Ведь из первых строк, если посмотреть на них непредвзято, вовсе не следует, что сестра Ольги некрасива. Речь идет о том, что Ольгиной привычной для окружающих красотой Татьяна привлечь не может. Ее красота – совсем другая! Эпитеты «дика, печальна, молчалива, // Как лань лесная боязлива» не заключают в себе ничего, что противостояло бы понятию красоты. В них скорее присутствуют признакииной, незнакомой читателю красоты, которая противостоит Ольгиной – привычной красоте. Если чуточку сдвинуть хрестоматийные акценты, в этом легко убедиться:


Итак, она звалась Татьяной.

Ни красотой сестры своей,

Ни свежестью ее румяной

Не привлекла б она очей.

Мною подчеркнуты слова, выделив которые, мы невольно услышим интонацию, за которой должно бы последовать: а привлекла б она очи тем, что дика, печальна и т. д. и т. д.

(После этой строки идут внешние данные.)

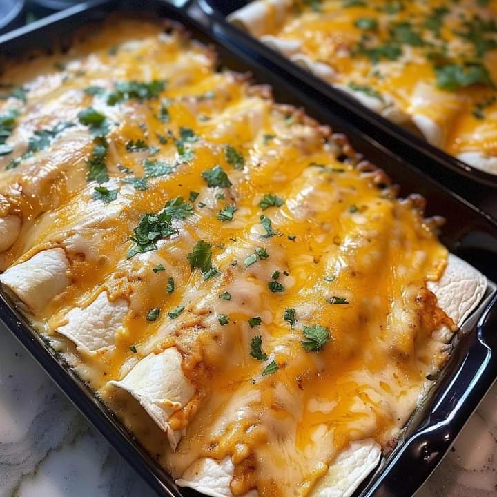 Take 1 tortilla and fill it with 2-3 tablespoons of the chicken mixture, then place the seam side on the baking dish. Repeat with the rest of the tortilla and the filling.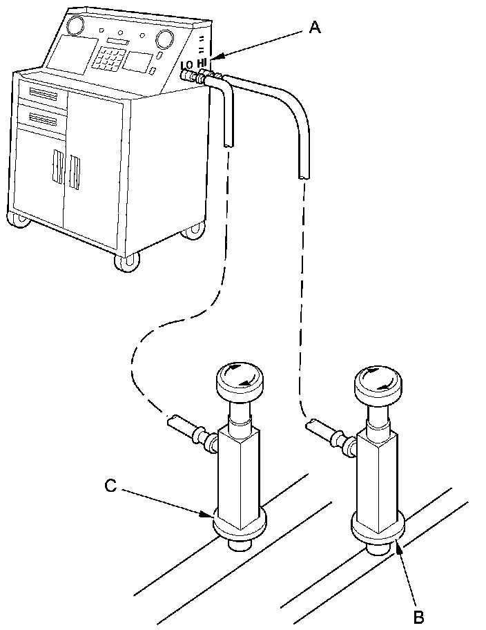 1. Connect an R-134a refrigerant recovery/recycling/charging station (A) to the high-pressure service port (B) and the low-pressure service port (C), as shown, following the equipment manufacturer's instructions.

Пушкин обрывает интонацию, уклоняется от прямого изъявления мысли. Здесь угадывается один из тайников, который будет раскрываться все яснее с развитием образа главной героини. Поэтому мы, не торопясь с выводами, продолжим наблюдения над портретом Татьяны, в надежде, что они сами собой приведут нас к открытию тайника.

До сих пор мы обходили строчку «ни свежестью ее румяной». Легко понять между тем, что отсутствие или присутствие «свежести», здоровья, решительно влияет в ту или иную сторону не только на облик, но и на самое существо характера героини.

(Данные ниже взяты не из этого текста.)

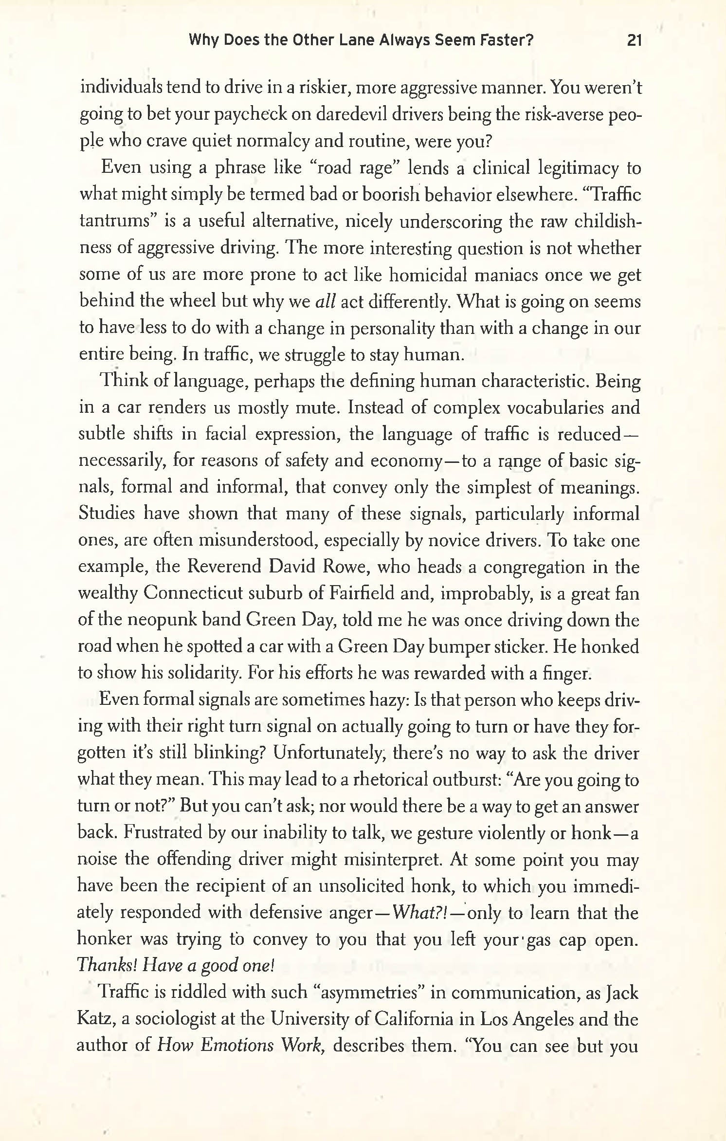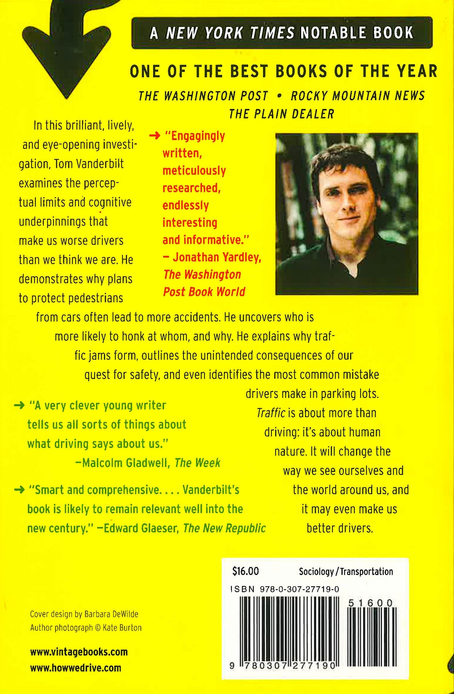 A New York Times Notable Book One of the Best Books of the Year The Washington Post - The Cleveland Plain-Dealer - Rocky Mountain News In this brilliant, lively, and eye-opening investigation, Tom Vanderbilt examines the perceptual limits and cognitive underpinnings that make us worse drivers than we think we are. He demonstrates why plans to protect pedestrians from cars often lead to more accidents. He uncovers who is more likely to honk at whom, and why. He explains why traffic jams form, outlines the unintended consequences of our quest for safety, and even identifies the most common mistake drivers make in parking lots. Traffic is about more than driving: it's about human nature. It will change the way we see ourselves and the world around us, and it may even make us better drivers. *This book may have remainder mark*

Другое дело – румяна эта свежесть или нет. К тому, что Татьяна вообще не «кругла и не красна» лицом, она еще имеет свойство бледнеть от чувств, то и дело доходящих до степени страстей: при появлении Онегина – «и утренней луны блед– ней»; при расставании с Ольгой – «смертной бледностью покрылось ее печальное лицо» и т. д. Это-то и вызывает порой неточную ассоциацию образов из стихотворения «Осень».

К счастью, Татьяна при всей своей пресловутой бледности не имеет ничего общего с чахоточной девой. Это подчеркивается в романе с не меньшей настойчивостью, чем сама бледность.

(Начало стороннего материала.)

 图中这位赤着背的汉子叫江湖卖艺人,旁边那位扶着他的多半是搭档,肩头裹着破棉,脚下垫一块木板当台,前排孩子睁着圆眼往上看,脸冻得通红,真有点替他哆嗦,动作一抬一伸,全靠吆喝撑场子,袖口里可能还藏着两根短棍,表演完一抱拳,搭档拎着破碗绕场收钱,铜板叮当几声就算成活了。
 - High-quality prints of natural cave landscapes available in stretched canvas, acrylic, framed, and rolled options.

В толпе детей Таня «играть и прыгать не хотела», так же, как в горелки не хотела играть, а не не могла. Зато в морозную святочную ночь «на широкий двор // В открытом платьице выходит» она, а не Ольга; и вовсе не боится простуды. Когда слышит прохожего, то по снегу «к нему на цыпочках летит» (выделено мною. – Я. С.). А уж от Онегина «летит, летит» так, что не только «мигом обежала // Куртины, мостики, лужок, // Аллею к озеру, лесок», но еще и «кусты сирен переломала»! Стало быть, «милые ножки» и «дрожащие ручки», о которых говорилось выше, – отнюдь не слабенькие...

Особенно отчетливо проступают черты Татьяниного здоровья в «доказательствах от противного», которыми широко пользуется автор романа.

Так, выясняется, что после свиданья с Онегиным Танины «любви безумные страданья» еще усиливаются, и вот как они отражаются на её физическом состоянии:


...Ее постели сон бежит;

Здоровье, жизни цвет и сладость,

Улыбка, девственный покой,

Пропало все, что звук пустой.

Очевидно, что до рокового свиданья, тем более до знакомства с Онегиным, «здоровье, жизни цвет и сладость, // Улыбка, девственный покой» – все это было в полной мере свойственно Татьяне ничуть не меньше, чем Ольге.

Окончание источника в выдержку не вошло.